296 P. 527 | Okla. Crim. App. | 1931

The plaintiff in error, hereinafter called defendant, was convicted in the district court of Tulsa county on a charge of murder and was sentenced to life imprisonment in the penitentiary.

The case was tried the latter part of September and first part of October, 1929. The appeal was lodged in this court April 2, 1930. No briefs in support of the appeal have been filed, and no appearance for oral argument was made at the time the case was submitted.

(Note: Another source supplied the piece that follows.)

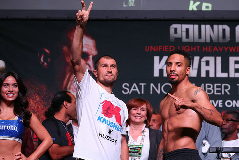 现任WBA、IBF、WBO轻重量级世界冠军俄罗斯不败王者谢尔盖·科瓦列夫泰拳(Sergey Kovalev)(30-0-1,26 KO)即将于北京时间11月20日在美国拉斯维加斯对阵WBA超中量级冠军美国不败拳王安德烈·沃德(And散打re Ward)(29-0,15 KO),今天两人称重全部是175磅,达到了轻重量级上限。

We have read the record with care to ascertain if defendant had a fair trial or if any errors substantially prejudicial were committed.

The record discloses that on April 16, 1929, Sam Frost and his wife lived at the town of Bixby; that about midnight of that date defendant and his wife drove from their home in Leonard to Bixby, and the wife remained in the car with the engine running and defendant went on the porch and knocked at the door and awakened Frost and his wife; that Frost went out on the porch, and defendant immediately shot him with a pistol, from which death resulted almost instantly. Defendant then returned to the car and they drove away. The defense is what is sometimes referred to as the unwritten law; that is, that Frost had been criminally intimate with the wife of defendant covering a period of about two years prior thereto. Both defendant and his wife testified to the homicide substantially as stated. It is apparent from the record that defendant knew of illicit relations between his wife and *131 the deceased and deliberately decided to take the law into his own hands and kill Frost. There is also some evidence which tends to indicate that a money consideration between them was discussed. The fact that deceased was guilty of an offense in his relations with the wife of defendant did not justify defendant in seeking out and killing deceased. "The right to avenge a wrong done a female member of one's family by killing the wrongdoer" does not exist in this state. It is not permitted one thus wronged to take the law into his own hand and wreak private vengeance on the wrongdoer. January v. State,16 Okla. Cr. 166, 181 P. 514; Pickett v. State,40 Okla. Cr. 289, 268 P. 732. The record amply sustains the verdict and judgment.

The case is affirmed.

DAVENPORT, P. J., and CHAPPELL, J., concur.